The attachment is the script and model I use to inference. There are two more plugin files I cannot upload because it ends with .cu. If you need please let me know how to upload them and I’ll do. Thanks.

inference.cpp (35.0 KB)

Hi @qiuyunzhe94,
Looks like you missed to attach the model.
Also you can zip all files in one folder and can share it either via IM or on drive.
Thanks!

Hi @AakankshaS,

I upload all the script to drive. Thanks for your help.

yolov4 script

Hi @AakankshaS ,

Is there any update on this issue? Or do I need to provide more information?

Thanks!

Hi @qiuyunzhe94,

Sorry for late response.
Since you are not using multi-threading, it is as expected. After first enqueue finish, second enqueue can start at that time.
You can try multi threading for better performance.

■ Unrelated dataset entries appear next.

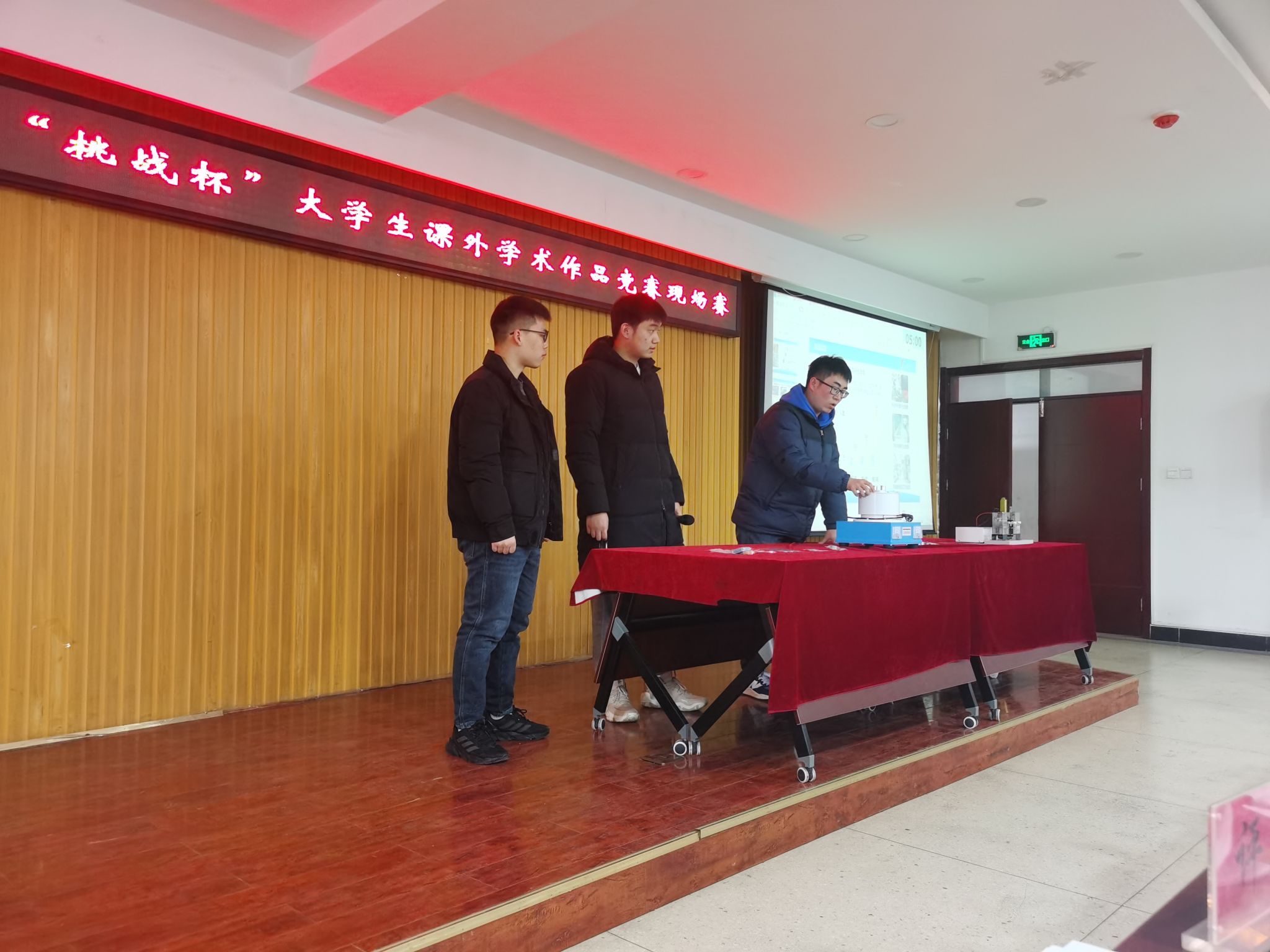 在工科一号楼5059报告厅举办2023年“挑战杯”大学生课外学术科技作品现场赛。前期经过线上网评,最终共有33项作品进入现场赛。
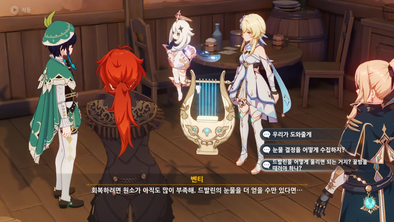 정화된 드발린의 눈물 결정을 하프 위에 조금씩 떨어트려 보라고 한다.
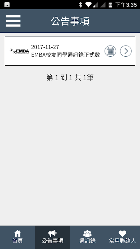 APKPure menggunakan pengesahan tandatangan untuk memastikan muat turun APK 中央大學EMBA校友同學通訊錄 tanpa virus untuk anda.
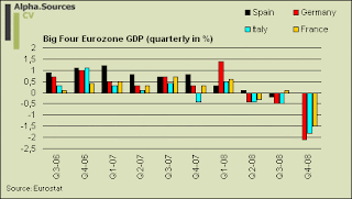 Kenneth Wattret who is a senior economist at BNP Paribas simply noted that the news was dire and dished up the thump of a forecast that we are going to see three consecutive quarters of contraction as well as a huge rise in unemployment. Over at Illuminati, Jim O'Neill noted rather smugly that the downturn is worse in Europe than in the US which, given the fact that the whole thing started in the US, is quite an achievement as he puts it. In terms of economic dynamics the Eurozone is being hit by a severe slump in domestic demand as well as a sharp decline in global and intra EU27 trade volume (yes, my dear reader, the East-European connection is important). Add to this that governments in the Eurozone are pretty much out of bullets at this point as well as the fact that the ECB refuses to fire offs its, albeit timid, remaining slugs and the outlook is grim and nothing but grim.

Please refer to thread safety best practices:
https://docs.nvidia.com/deeplearning/tensorrt/archives/tensorrt-713/best-practices/index.html#thread-safety

Thanks

Hi Sunil,

I think I did put two models into two separate devices, and use two different CudaStream to control them. If you look into the profiling figure, the two enqueue actually happened parallelized in most time, not one after the other. Isn’t this multi-threading? If not, how to make it multi-threading? The link you gave didn’t provide much information on how to make model multi-threading.

Thanks!

Hi,

Enqueue operation is CPU call not related to GPU stream.
Context 1 execution start at the same time code calls first enqueue and same is the case with context 2.
If user really want to start inference at the same time, starting a new thread is always the choice.
Please refer to below links in case it helps:

Alternatively, you can use Deepstream to run multiple models.

Thanks

Thanks for you reply!